This Wm. Huntington was also a patriot, and served in the war with Great Britain, in 1812.

The sisters Zina and Prescindia, with their brothers, were raised fourteen miles east of Sackett's Harbor, where the last battle was fought between the British and Americans, in that war; so that the Revolutionary history of their country formed a peculiarly interesting theme to the "young folks" of the Huntington family. Indeed their brother, Dimock, at the period of the exodus of the Mormons from Nauvoo, had so much of the blood of the patriots in his veins that he at once enlisted in the service of his country in the war with Mexico—being a soldier in the famous Mormon battalion.

Prescindia Lathrop Huntington, the eldest of these two illustrious sisters, was born in Watertown, Jefferson county, N. Y., September 7th, 1810, and was her mother's fourth child; Zina Diantha was born at the same place, January 31st, 1821.

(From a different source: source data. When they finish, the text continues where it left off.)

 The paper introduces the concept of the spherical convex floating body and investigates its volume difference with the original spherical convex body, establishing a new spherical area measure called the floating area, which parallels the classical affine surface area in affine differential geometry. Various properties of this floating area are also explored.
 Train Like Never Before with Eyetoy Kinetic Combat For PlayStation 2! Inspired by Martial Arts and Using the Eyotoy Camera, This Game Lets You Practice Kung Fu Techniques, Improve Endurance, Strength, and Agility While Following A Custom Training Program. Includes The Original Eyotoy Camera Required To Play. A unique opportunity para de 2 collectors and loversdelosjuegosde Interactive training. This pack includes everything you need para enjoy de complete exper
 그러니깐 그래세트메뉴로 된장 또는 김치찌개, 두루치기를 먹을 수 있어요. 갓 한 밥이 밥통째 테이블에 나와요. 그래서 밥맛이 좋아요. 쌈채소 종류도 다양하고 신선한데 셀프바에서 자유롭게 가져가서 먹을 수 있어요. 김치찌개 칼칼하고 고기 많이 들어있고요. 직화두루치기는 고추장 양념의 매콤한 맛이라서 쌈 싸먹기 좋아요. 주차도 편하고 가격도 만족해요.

Prescindia is a woman of very strong character; and her life has been marked with great decision and self-reliance, both in thought and purpose. She was also endowed with a large, inspired mind—the gifts of prophesy, speaking in tongues, and the power to heal and comfort the sick, being quite pre-eminent in her apostolic life. In appearance she is the very counterpart of the Eliza Huntington whose likeness is published in the book of the Huntington family. A mother in Israel is Sister Prescindia, and the type of one of the Puritan mothers in the olden time. She was sealed to Joseph Smith, and for many years was one of the wives of the famous Heber C. Kimball.

Mother Huntington was also an exemplary saint. She died a victim of the persecutions, when the saints were driven from Missouri, and deserves to be enshrined as a martyr among her people. Her name was Zina Baker, born May 2d, 1786, in Plainfield, Cheshire county, N. H., and married to Wm. Huntington, December 28, 1806. Her father was one of the first physicians in New Hampshire, and her mother, Diantha Dimock, was descended from the noble family of Dymocks, whose representatives held the hereditary knight-championship of England—instance Sir Edward Dymock, Queen Elizabeth's champion.

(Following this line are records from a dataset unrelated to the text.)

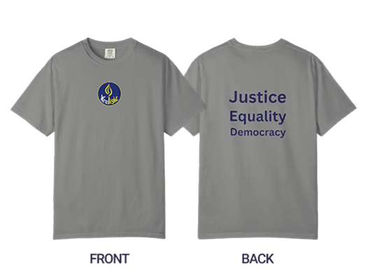 We Are The Light Rally Comfort T-shirt — Protect our Democracy (Justice)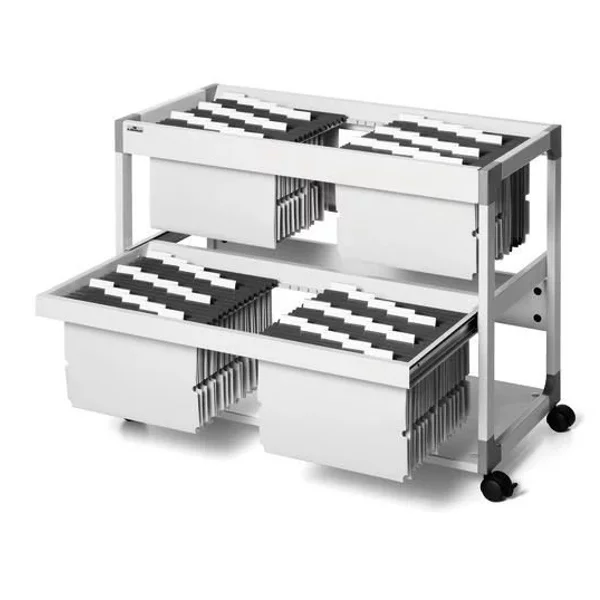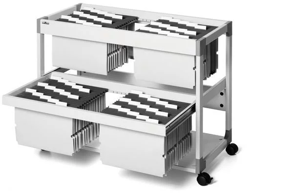 Wózek został wyposażony w dwa niezależne ramiona, umożliwiające przechowywanie aż do 200 teczek zawieszkowych lub kilkudziesięciu segregatorów z uchwytami. Obsługuje dokumenty w formatach A4, Folio i Foolscap, oferując maksymalną elastyczność.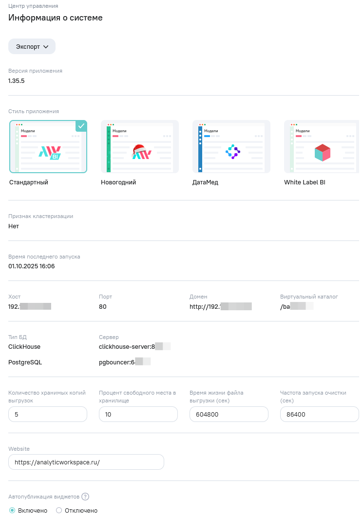Режим Автопубликация виджетов выбирается после установки или обновления системы и не подлежит изменению в процессе работы. Частая смена режима публикации виджетов может привести к некорректной работе виджетов и информационных панелей.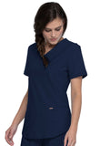 This V-neck top features a curved hemline and a subtle touch of power mesh at the neck band and sleeve hem. It also has generous two front welt pockets, angled front yoke panels, and back princess seams for a form flattering shape. Contemporary Fit. Center Back: 26"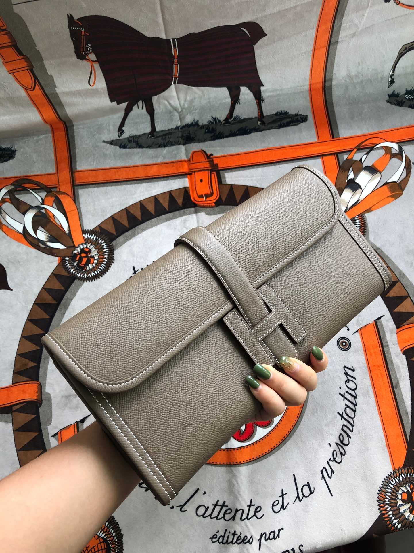 JIGE ELAN 29 CLUTCH IN MEDIUM BROWN CALFSKIN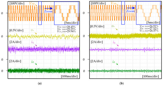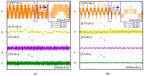 In order to verify the steady-state performance of the strategy, the control period of the proposed ECS-MPCC strategy is further given to be 290 μs, and the traditional MPCC control period is given to be 100 μs. The control effects of the two strategies on the output voltage VAB, d-q axis current id and iq, and neutral point voltage vo are compared at the same switching frequency. Figure 11 and Figure 12 illustrate the experimental results under different operation conditions.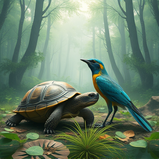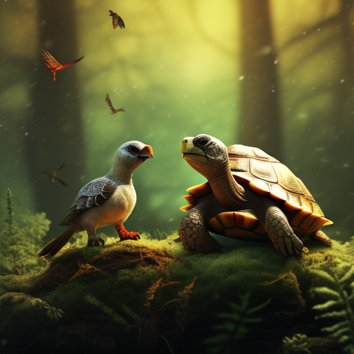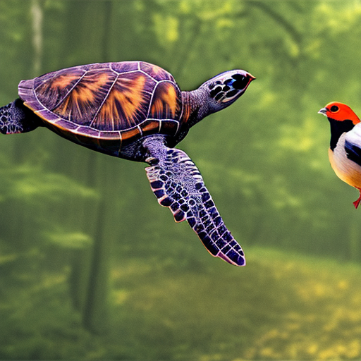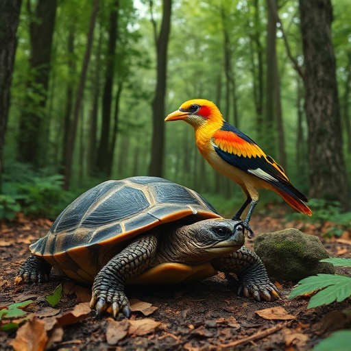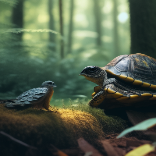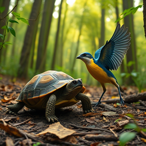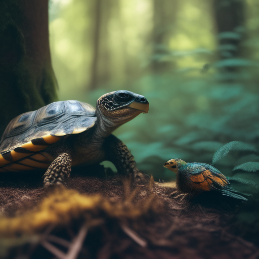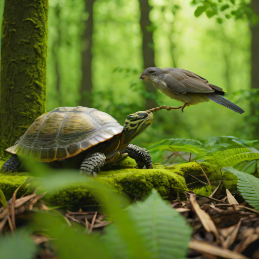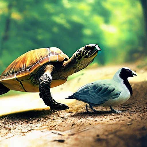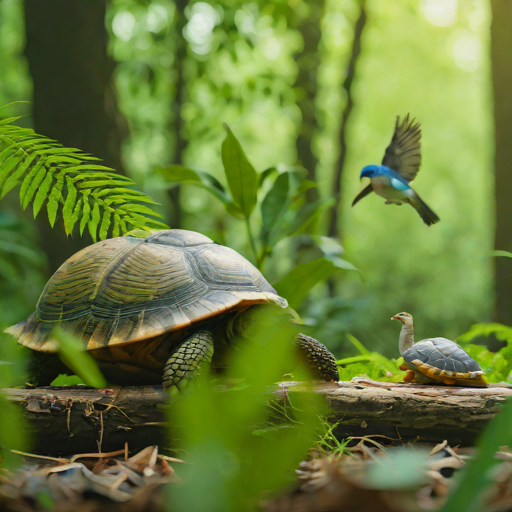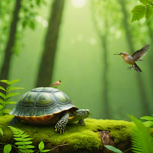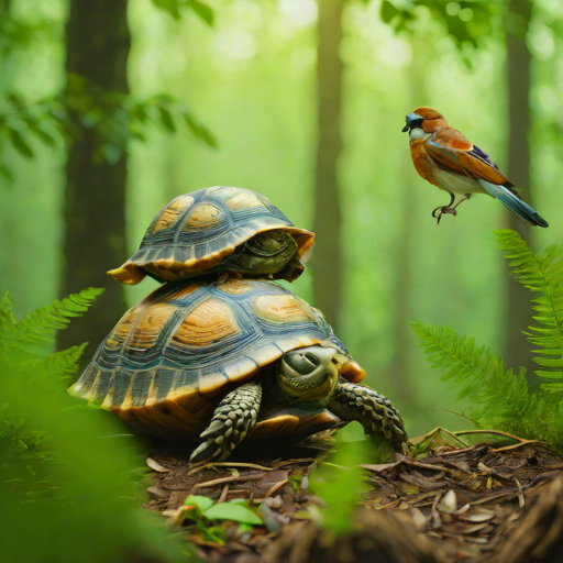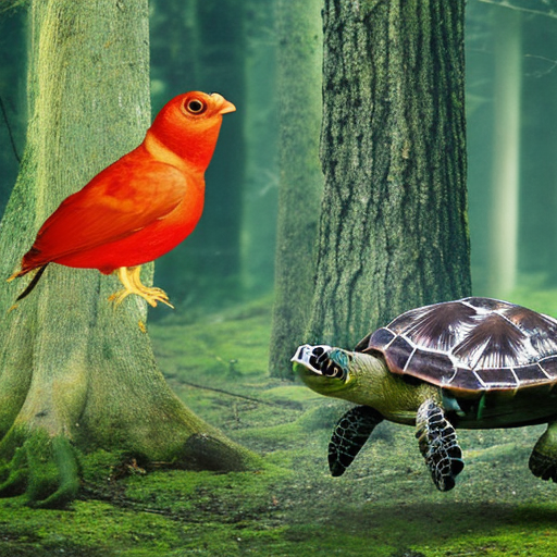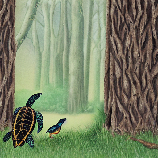 Prompt: "a turtle and a bird together in a forest" | Resolution: 512 × 512 | Replicates: 5 timed runs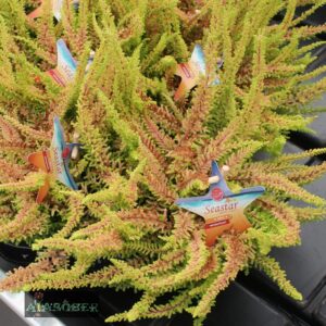 kõrgune kompaktne, tumeroosa lehestikuga, täidisjad õied puhkedes heleroosad, värvuvad hiljem karmiinpunasteks; ’Anthony Dawis’ – kuni 45 cm kõrgune atraktiivne põõsas hõbehallide lehtedega ja valgete õitega, VII-VIII ; ’Argentea’ – madala ja laiuva kasvuga ning erkrohelise lehestiku ja violetsete õitega; põõsastel võrsete tipud värvuvad talveks valkjateks; ’August Beauty’ – kuni 30 cm kõrgune valgeõieline sort, VIII-IX; ’Aurea’ – laiuv, 30…40 cm kõrgune, lehed suvel kuldkollase värvusega, talvel pruunikaspunased, õied helevioletjad kuid mitte väga dekoratiivsed; VIII-X; ’Battle of Arnhem’ – umbes 60 cm kõrgune tumerohelise,talvel pronksja lehestiku ja hele purpurpunaste õitega hiljaõitsev sort, IX-X; ’Beechwood Crimson’ – püstise kasvga ja tumerohelise lehestikuga, õied tume-karmiinjad, sordi ’C. W. Nix’ parandatud versioon; ’Boskoop’ – umbes 30 cm kõrgune, lehestik suvel säravalt kuldkollane, talvel oranžpunakas, õied sirelilillad, VII-VIII; ’Carmen’ – 30…40 cm kõrgune laiuva, püstise kasvuga tumerohelise lehestiku ja roosakasvioletsete õitega, VIII-IX; ’Christiana’ – 1970, Rijnbeek; kuni 50 cm kõrgune tiheda, püstise kasvuga sort; lehestik kollakasroheline, talvel kollane, õied valged, IX-X; ’Dark Beauty’ – kompaktse kasvuga kuni 30 cm kõrgune helerohelise lehestiku ja pooltäidisjate, säravpunaste õitega sort, IX-X; ’Darkness’ – tiheda, püstise kuni 30 cm kõrguse kasvuga ja karmiinpurpurjate

Mother Huntington was a woman of great faith. "She believed that God would hear and answer prayer in behalf of the sick. The gift of healing was with her before the gospel was restored in its fullness."

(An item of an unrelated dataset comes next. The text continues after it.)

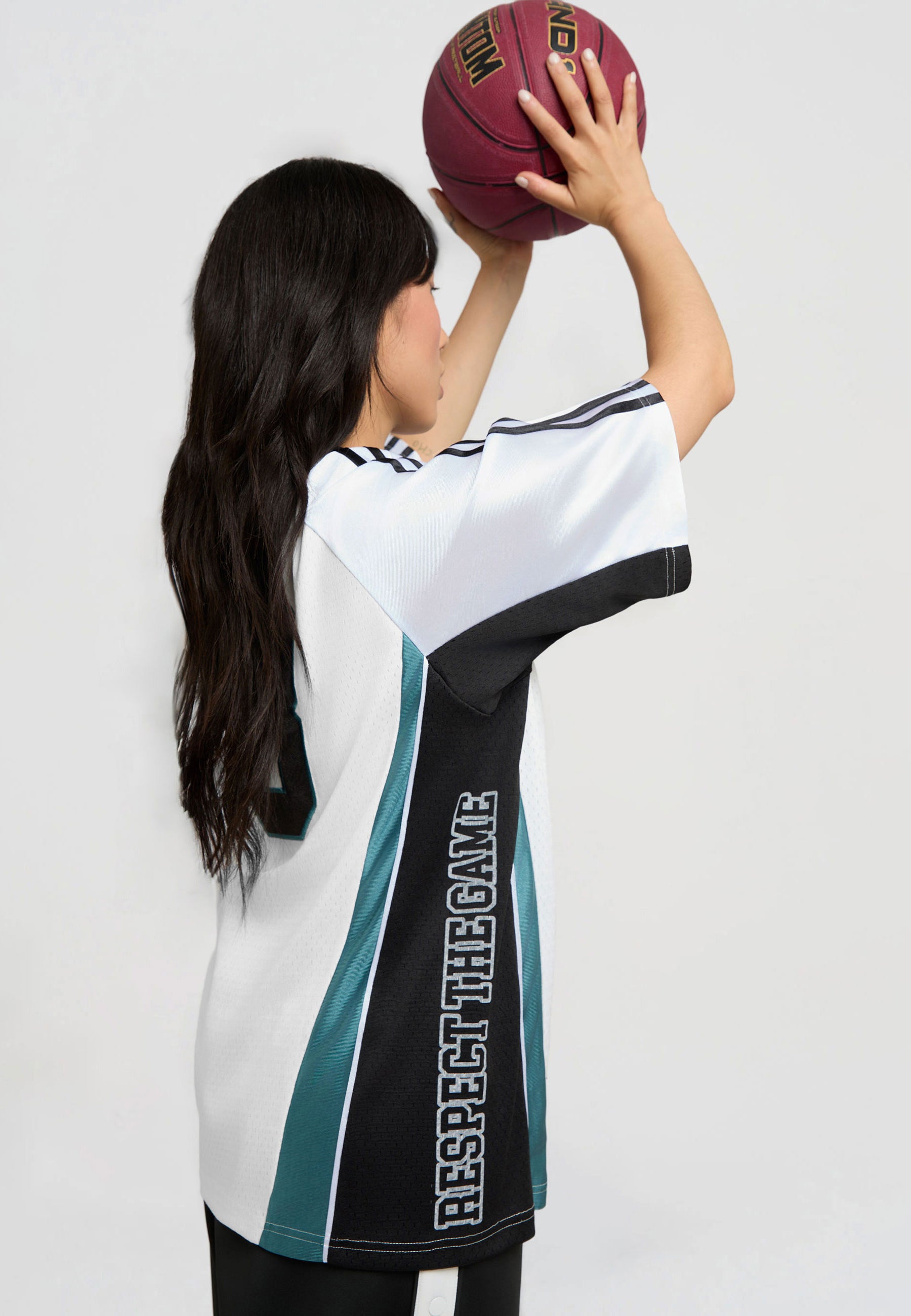 Maillot de sport Super Airtex Respect The Game pour femme - Blanc/Bleu

Thus testify her daughters of their mother, whose spirit of faith was also instilled into their own hearts, preparing them to receive the gospel of a great spiritual dispensation, and for that apostolic calling among the sick, to which their useful lives have been greatly devoted.

Father and Mother Huntington had both been strict Presbyterians; but about the time of the organization of the Latter-day Church he withdrew from the congregation, which had become divided over church forms, and commenced an earnest examination of the Scriptures for himself. To his astonishment he discovered that there was no church extant, to his knowledge, according to the ancient pattern, with apostles and prophets, nor any possessing the gifts and powers of the ancient gospel. For the next three years he was as a watcher for the coming of an apostolic mission, when one day Elder Joseph Wakefield brought to his house the Book of Mormon. Soon his family embraced the Latter-day faith, rejoicing in the Lord. Himself and wife, and his son Dimock and his wife, with "Zina D.," then only a maiden, were the first of the family baptized. Zina was baptized by Hyrum Smith, in Watertown, August 1st, 1835.

Prescindia at that time was living with her husband at Loraine, a little village eighteen miles from her native place, when her mother, in the summer of 1835, brought to her the Book of Mormon and her first intelligence of the Mormon prophet. She gathered to Kirtland in May, 1836, and was baptized on the 6th of the following June, and was confirmed by Oliver Cowdry.

"In Kirtland," she says, "we enjoyed many very great blessings, and often saw the power of God manifested. On one occasion I saw angels clothed in white walking upon the temple. It was during one of our monthly fast meetings, when the saints were in the temple worshipping. A little girl came to my door and in wonder called me out, exclaiming, 'The meeting is on the top of the meeting house!' I went to the door, and there I saw on the temple angels clothed in white covering the roof from end to end. They seemed to be walking to and fro; they appeared and disappeared. The third time they appeared and disappeared before I realized that they were not mortal men. Each time in a moment they vanished, and their reappearance was the same. This was in broad daylight, in the afternoon. A number of the children in Kirtland saw the same.